“Perhaps,” Corelli granted. “What about all this iconography of death and the flags and shields? Don’t you find it counterproductive?”
“No. I think it’s essential. Clothes maketh the man, but above all they maketh the churchgoer.”
“And what do you say about women, the other half? I’m sorry, but I find it hard to imagine a substantial number of women in a society believing in pennants and shields. Boy Scout psychology is for children.”
“The main pillar of organized religion, with few exceptions, is the subjugation, repression, even the annulment of women in the group. Woman must accept the role of an ethereal, passive, and maternal presence, never of authority or independence, or she will have to suffer the consequences. She might have a place of honor in the symbolism, but not in the hierarchy. Religion and war are male pursuits. And anyhow, woman sometimes ends up becoming the accomplice in her own subjugation.”
“And the aged?”
“Old age is the lubricant of belief. When death knocks at the door, skepticism flies out the window. A serious cardiovascular fright and a person will even believe in Little Red Riding Hood.”
Corelli laughed.
“Careful, Martín, I think you’re becoming more cynical than I am.”
I looked at him as if I were an obedient pupil eager for the approval of a demanding teacher. Corelli patted me on the knee, nodding with satisfaction.
“I like it. I like the flair of it. I want you to go on turning things round and finding a shape. I’m going to give you more time. We’ll meet in two or three weeks. I’ll let you know a few days beforehand.”
“Do you have to leave the city?”
“Business matters concerning the publishing house. I’m afraid I have a few days of travel ahead of me, but I’m going away contented. You’ve done a good job. I knew I’d found my ideal candidate.”
The boss stood up and put out his hand. I dried the sweat from my palm on my trouser leg and we shook hands.
“You’ll be missed,” I began.
“Don’t exaggerate, Martín, you were doing very well.”
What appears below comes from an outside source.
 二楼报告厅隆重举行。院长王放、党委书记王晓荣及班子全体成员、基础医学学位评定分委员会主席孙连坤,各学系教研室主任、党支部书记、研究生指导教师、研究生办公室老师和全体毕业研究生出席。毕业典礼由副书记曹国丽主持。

I watched him leave and remained where I was a good while, wondering whether the boss had risen to the bait and swallowed the tall stories I’d fed him. I was sure that I’d told him exactly what he wanted to hear. I hoped so, and I also hoped that the string of nonsense would keep him satisfied for the time being, convinced that his servant, the poor failed novelist, had become a convert. I told myself that anything that bought me time in which to discover what I had got myself into was worth a try. When I stood up and left the Shade House, my hands were still shaking.
18
Years of experience writing thrillers provide one with a set of principles on which to base an investigation. One of them is that all moderately solid plots, including those seemingly about affairs of passion, bear the unmistakable whiff of money and property. When I left the Shade House I walked to the Land Registry in Calle Consejo de Ciento and asked whether I could consult the records in which the sales and ownership of my house were listed. Books in the Land Registry archive contain almost as much information on the realities of life as the complete works of the most respected philosophers—if not more.
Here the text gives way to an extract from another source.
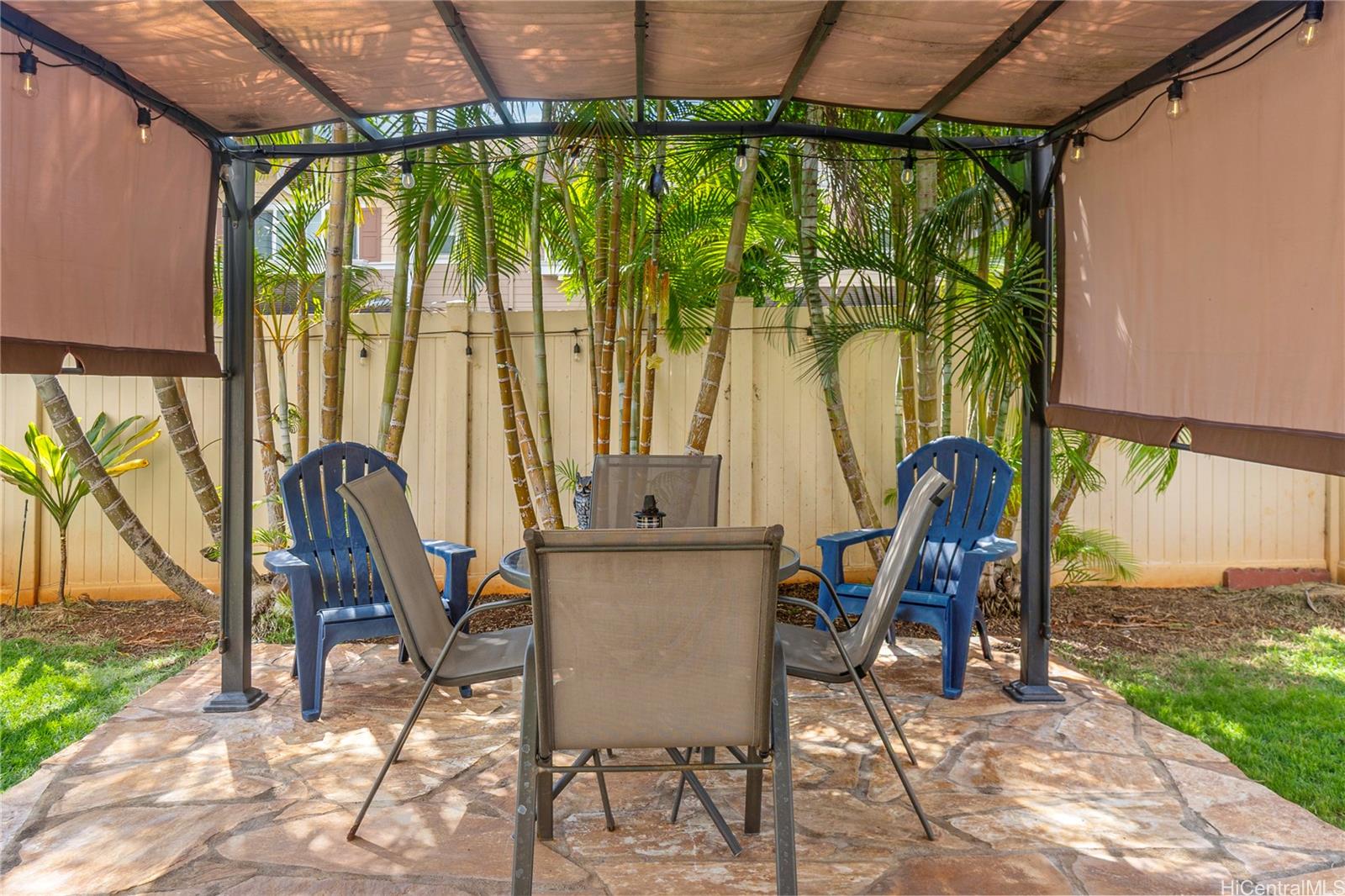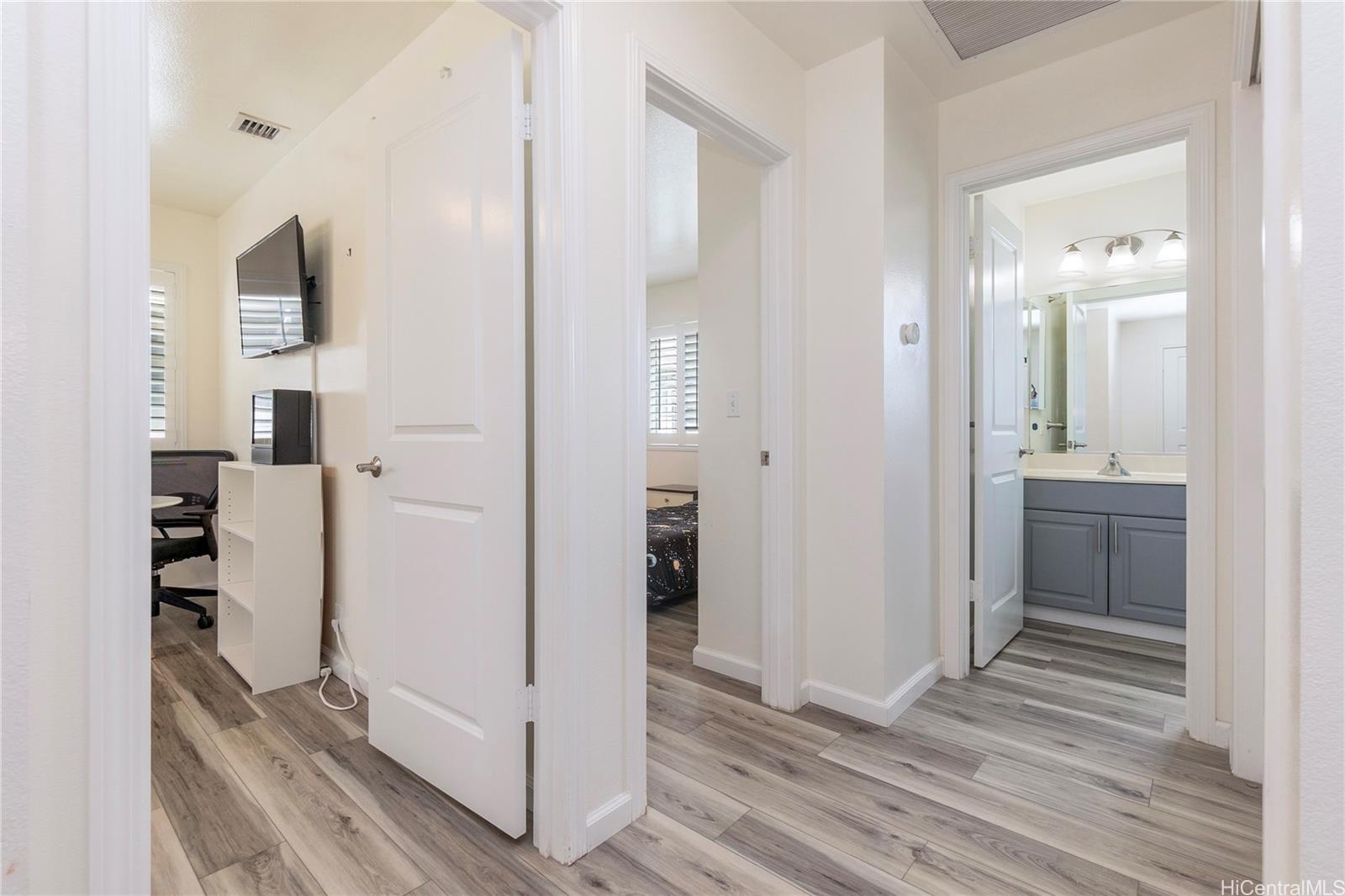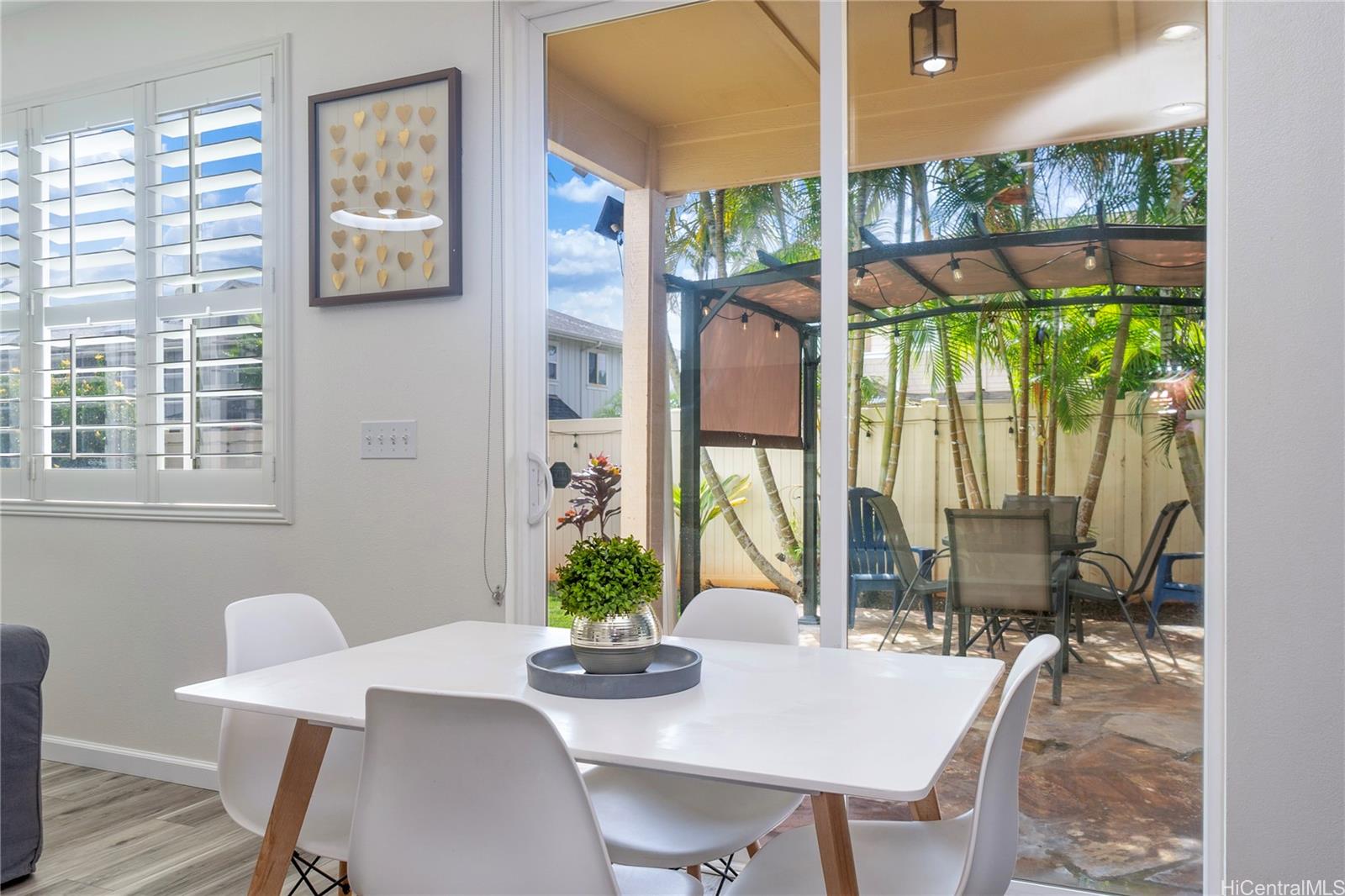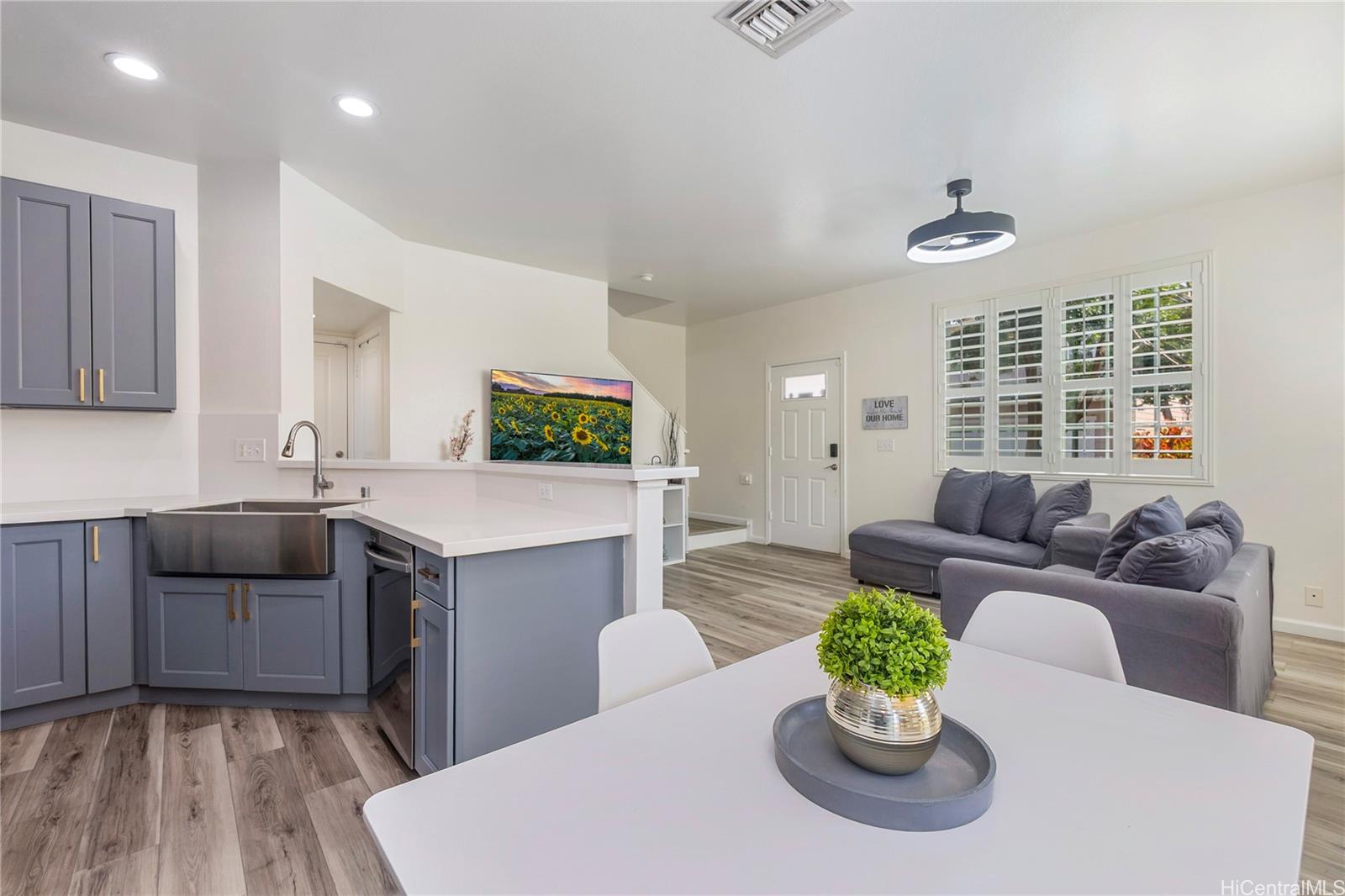 Move in ready home in one of the best locations within Laulani-Tides at Ewa Gentry. Enjoy open views with no home directly behind, offering added privacy. This beautifully remodeled 3 bedroom, 2.5 bath residence features an attached 2 car garage plus a large driveway accommodating two additional vehicles. Recent upgrades completed in 2023 to 2024 include all new kitchen cabinets, quartz countertops,and stainless steel appliances. Stylish plantation shutters and low maintenance luxury vinyl plank flooring run throughout the home. The spacious primary suite offers dual vanities and a large walk in closet with an upgraded closet system. Energy efficient features include a 16 panel leased photovoltaic system with backup battery, a central A/C system replaced in 2021, and a solar water heater installed in 2020. One of the larger fenced yards in the development provides excellent outdoor space for relaxing or entertaining. Conveniently located near parks, shopping, restaurants, beaches, and more. Community amenities include a pool and BBQ area. Truly move in condition and a must see opportunity. One or more photos have been virtually enhanced.

I began by looking up the section containing the details of my lease of 30 Calle Flassaders. There I found the necessary data with which to trace the history of the property before the Banco Hispano Colonial took ownership in 1911, as part of the appropriation of the Marlasca family assets—apparently the family had inherited the building upon the death of the owner. A lawyer named S. Valera was mentioned as having represented the family. Another leap into the past allowed me to find information relating to the purchase of the building by Don Diego Marlasca Pongiluppi in 1902 from a certain Bernabé Massot y Caballé. I made a note of all this on a slip of paper, from the name of the lawyer and all those taking part in the transactions to the relevant dates.
One of the clerks announced in a loud voice that there were fifteen minutes to closing time so I got ready to leave, but before that I hurriedly tried to consult the records for Andreas Corelli’s house next to Güell Park. After fifteen minutes of searching in vain, I looked up from the register and met the ashen eyes of the clerk. He was an emaciated character, pomade shining on moustache and hair, who oozed that belligerent apathy of those who turn their job into a platform for obstructing the lives of others.
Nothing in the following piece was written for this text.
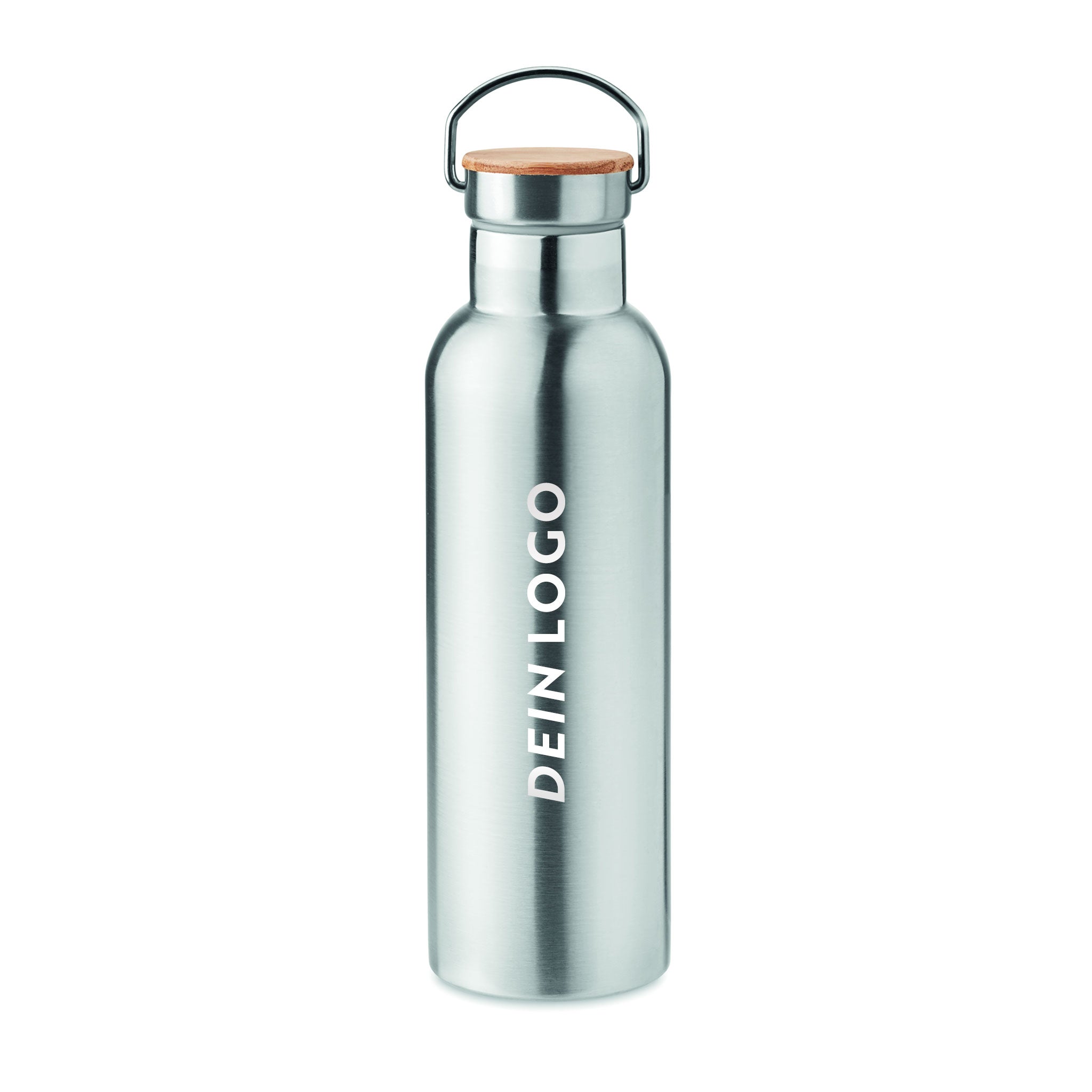 Diese robuste und funktionelle Thermosflasche hält deine Getränke durch die doppelte Vakuumisolierung lange warm und kalt. Die große Flasche mit viel Volumen ist fest verschliessbar und auslaufsicher. Mit einem gravierbaren Bambusdeckel inklusive komfortablen Tragehenkel. Die Trinkflasche gibt es in einem eleganten Silber. Die Verarbeitung besteht aus Edelstahl. Du kannst dein Logo, Design oder Grafik gravieren oder bedrucken lassen.

“I’m sorry. I can’t find a property,” I said.
“That must be because it doesn’t exist or because you don’t know how to search properly. We’ve closed for today.”
I repaid his kindness and efficiency with my best smile.
“I might find it with your expert help,” I suggested.
He gave me a nauseating look and snatched the volume from my hands.
“Come back tomorrow.”
My next stop was the ostentatious building of the Bar Association in Calle Mallorca, only a few streets away. I climbed the wide steps guarded by glass chandeliers and what looked like a statue of Justice but with the bosom and attitude of a Paralelo starlet. When I reached the secretary’s office, a small, mousy-looking man welcomed me and asked how he could help.
“I’m looking for a lawyer.”
“You’ve come to the right place. We don’t know how to get rid of them here. There seem to be more every day. They multiply like rabbits.”
“It’s the modern world. The one I’m looking for is called, or was called, Valera, S. Valera, with a V.”
The little man disappeared into a labyrinth of filing cabinets. I waited, leaning on the counter, my eyes wandering over a décor ponderous with the inexorable weight of the law. Five minutes later the man returned with a folder.
“I’ve found ten Valeras. Two with an S. Sebastián and Soponcio.”
“Soponcio?”
“You’re very young, but years ago that was a name with a certain cachet, and ideal for the legal profession. Then along came the Charleston and ruined everything.”
“Is Don Soponcio still alive?”
“According to the folder and the date he stopped paying his dues, Soponcio Valera y Menacho was received into the glory of Our Lord in the year 1919. Memento mori. Sebastián is his son.”
“Still practicing?”
“Fully and constantly. I sense you will want the address.”
“If it’s not too much trouble.”
The little man wrote it down on a small piece of paper that he handed to me.
“442 Diagonal. It’s just a stone’s throw away. But it’s two o’clock, and by now most top lawyers will be at lunch with rich widows or manufacturers of fabrics and explosives. I’d wait until four.”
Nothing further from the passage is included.